Abstract

Background: - Excess added sugar (AS) intake was shown to promote insulin resistance in skeletal muscle in animal studies, while sugar sweetened beverage (SSB) intake was associated with insulin resistance and lipids in skeletal muscle in humans. However, SSBs account for only 40% of AS intake. US adults consume excessive AS from foods and beverages relative to the 2015-2020 Dietary Guidelines recommendation which limit AS intake to <10% of energy intake per day. We evaluated the hypothesis that AS intake is adversely associated with glucose metabolism, insulin, and lean muscle attenuation (MA) in Black and white men and women aged 18-30 years at baseline (Y0). Methods: - After exclusions for diabetes defined as MD diagnosis, insulin or oral agent use, fasting glucose ≥126 mg/dL, or HbA1c ≥6.5%, outlying energy intake, and missing 2-hour glucose, 2,016 adults were included in the analyses.
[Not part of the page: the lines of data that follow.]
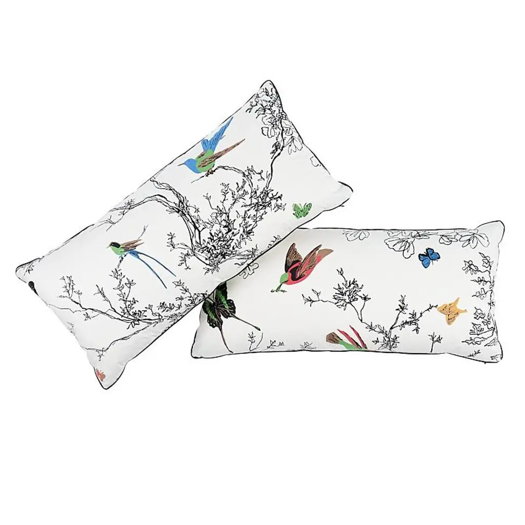 This 24" x 12" pillow features birds and butterflies, our celebrated and ever-popular pattern derived from a hand printed 1960s wallcovering in the Schumacher archives. Shown here in multi on white and finished with a contrast cord, whimsical creatures take flight amid twining foliage. 100% cotton. Content: 100% cotton Made with our Birds & Butterflies Fabric, (Item# 174760).If out of stock, lead-time is 15-20 business days approximately.
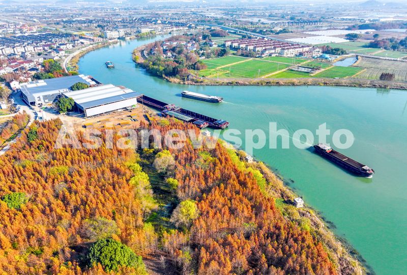 2024年12月16日,长湖申航道浙江长兴吕山段,航道两边水杉树层林尽染与村舍相映成景,运输的船只来往穿梭,构成一片美丽的风景线。长湖申航道作为湖州接轨上海、融入长三角的水运大动脉,承担了该区域大部分的电煤、集装箱、工业原材料、粮食、建材等大宗物资运输,保障长三角地区生产生活和民生需求。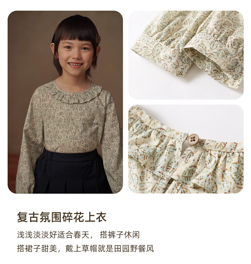 Haqi Children's Clothing Spring and Autumn Children's Casual Tops Korean Floral Pastoral Style Long-Sleeved Shirt Girls Spring Clothing 2026 New Floral 110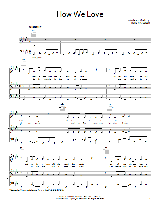 Download or print Ingrid Michaelson How We Love sheet music, chords and digital score arranged for Piano, Vocal & Guitar Chords (Right-Hand Melody). This Pop score includes 4 page(s).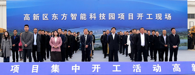 3月13日上午,烟台市举办2021年全市114个重大项目集中开工仪式,拉开了烟台万亿投资的序幕。活动采用视频连线的形式,分为1个主会场,12个分会场。其中高新区分会场设在公司苏州市圣烯科技有限公司智能科技园现场,这标志着东方智能科技园区正式开工建设。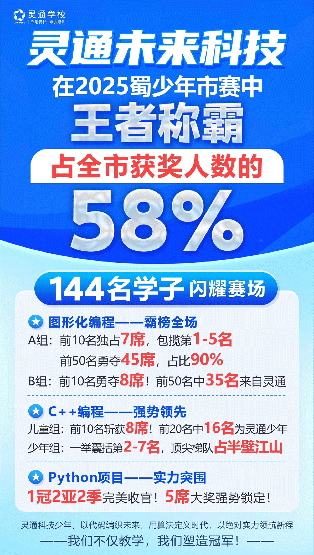 这不仅仅是一次成绩的展示,更是我们对教育本质的践行:科技赋能未来,思维决定高度。 在灵通,我们珍视每一个科技梦想,用专业的体系护航每一次成长。

Dietary intake was assessed by Diet History at Y0, Y7 and Y20. At Y25 follow-up, participants free of diabetes underwent a fasting blood draw for glucose, insulin, and triglycerides, an oral glucose tolerance test for 2-hour post-challenge glucose, and an abdominal CT scan for lean MA (an indicator of muscle quality). AS intake was averaged across Y0, Y7, and Y20 and divided into tertiles. General linear regression models estimated the associations across tertiles of AS intake with 2-hour glucose, fasting glucose, insulin, and triglycerides, and lean MA adjusted for potential confounders. Results: - AS intake (Table) was positively associated with 2-hour glucose and fasting insulin and triglycerides (p trend =0.004, 0.04, and 0.01, respectively) and inversely associated with lean MA (p trend =0.02). AS intake was not associated with fasting glucose (p trend =0.57). Conclusions: - Among adults free of diabetes, greater long-term AS intake was associated with higher 2-hour glucose and fasting insulin and triglycerides, and lower muscle quality. Our findings are consistent with the US Dietary Guidelines for Americans recommendation to limit AS intake.